The nearly US$1 billion public works project will fund basic services like running water and underground sewage pipes, while creating thousands of jobs and an official government presence in three of the largest of squatter settlements that cover many of Rio's hillsides.
The money will also build schools, widen roads that few cars can navigate and even give slum dwellers their first real addresses, as well as the ability to apply for government-sponsored credit so they can improve ramshackle homes that frequently collapse or sustain heavy damage in tropical rainstorms.

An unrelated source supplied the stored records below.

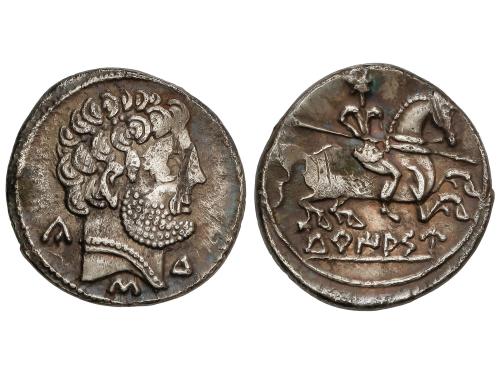 REPÚBLICA ROMANA. Denario. 112-111 a.C. CAESIA. Lucius Caesius. SUR DE ITALIA. Anv.: Busto diademado de Apolo Vejovis a izquierda, detrás AP (nexadas). Rev.: Dioses Lares sentados a derecha, entre ellos perro, encima cabeza de Vulcano con tenazas. En el campo LA-RE (ambas nexadas), en exergo L. CAESI (AE nexadas). 3,87 grs. (Oxidaciones). BMC-585; Cal-297; Craw-298/1; FFC-222; Se-1. MBC+.
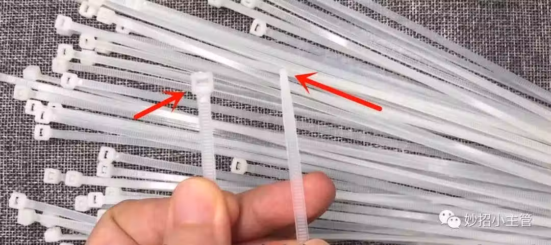 咱們先觀察一下,扎帶一頭的尖的,一頭是穿口,有一面有鋸齒一樣紋路扎的時候,先要分清正反,將有鋸齒紋路的一面朝里彎曲;
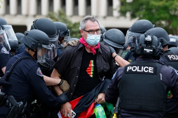 Vista de la policía deteniendo a un hombre que participa en una protesta en contra de la guerra en Gaza en un campus universitario, en una fotografía de archivo. EFE/Caroline Brehman
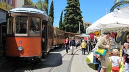 2. ソリェールから港へ向かう観光列車。広場がその起点でもある。 [拡大画像: x25525.jpg]
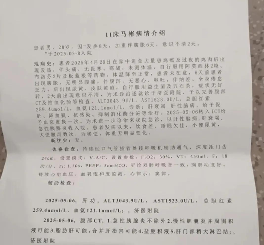 根据马彬病情介绍可以看到,4月29日在家中吃了患鸡瘟和过夜的鸡肉,第二天就出现了发热,他以为是小感冒吃点药就好了,心想又不是大病没有必要去医院,就自己吃了阿莫西林布洛芬等消炎药,你可别说,发热好了体温正常了,也是万万没有想到,几天后身体更加严重了,出现了小便发黄,皮肤黄的症状,还是没有引起马彬的重视,又是自己吃药,结果就昏迷进了医院!
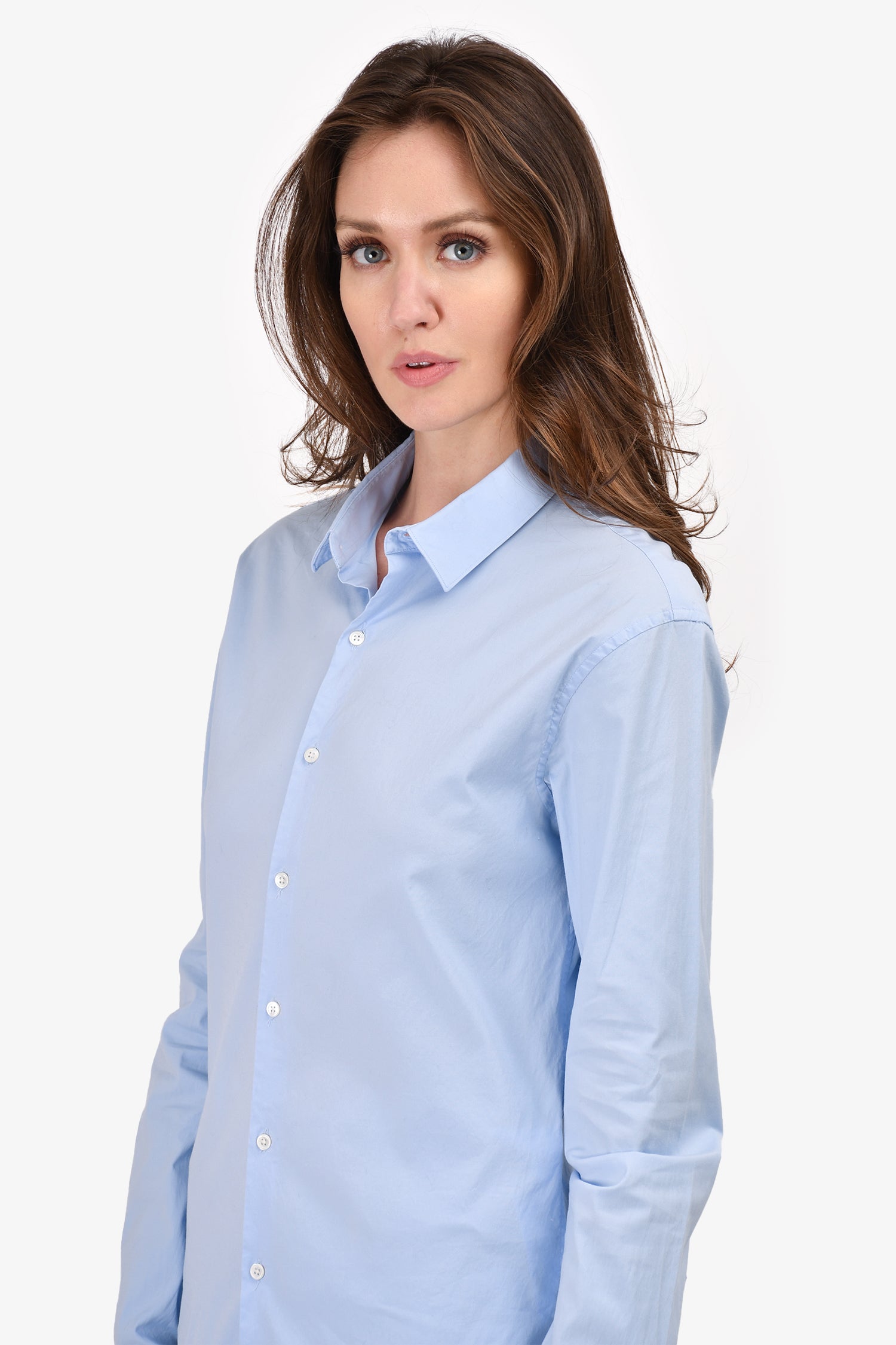 Refresh availabilitySandro Blue Button Down Shirt. Button closures on the cuffs. Tonal stitching.

Silva, Brazil's first working class president, was protected by heavily armed police who secured the entrances and exits of the Alemao slum where he spoke before heading to two other shantytowns.
Underscoring the danger of the slums, police killed six criminal suspects before dawn in two other Rio slums just hours before Silva spoke.
Stray bullets from shootouts between police and gang members kill or injure an innocent person every other day in Rio on average.
"I'm tired of seeing Rio on the front page of newspapers as if the city is a symbol of violence and stray bullets, when 99 percent of the people here are honest," Silva told a cheering crowd.
He also said that police have a responsibility to improve life in Rio's 600 slums, saying they must start treating residents with respect.
Residents of the shantytowns have long complained that police officers consider the neighborhoods as enemy territory, entering with automatic weapons and shooting before asking questions.
"Citizens who are bandits don't have to be treated with rose petals, but the police before coming here have to know that men, women and children also live here," Silva said.
Last year, the Alemao slum complex -- home to some 150,000 people -- gained infamy for a months-long battle between drug gangs and police that claimed at least 38 lives.
Police are still stationed behind sandbags outside the slum's main entrances, and drug gang members with automatic weapons roam Alemao's mazelike alleyways.
Hundreds of residents, many waving white flags, descended from exposed brick hovels, down narrow alleyways, to hear Silva speak on a makeshift stage.
Samba percussionists played and a video showed an artist's rendering of the sprawling shantytown transformed into a utopian hillside community filled with wide avenues and an overhead cable car system to carry residents up and down steep hillsides from the commuter train station.
"Here we vote and then we never see the politicians. It's unprecedented for the president to come to Alemao. This day will go down in history," said 29-year-old Roni Charles, who works with the AfroReggae community group that tries to steer young people away from violence.
In the Alemao slum alone, Silva promised that 2,000 homes would be replaced and 4,000 would get renovations.
The program will also build new schools, job training centers, a health clinic and post office while creating some 2,000 jobs.
"I really hope this will improve things. We really need peace and we really need jobs, let's hope we get a little of both from Lula, after all that's why we voted for him," said Roseangela Coutinho, a 31-year-old housewife, referring to the president by his nickname.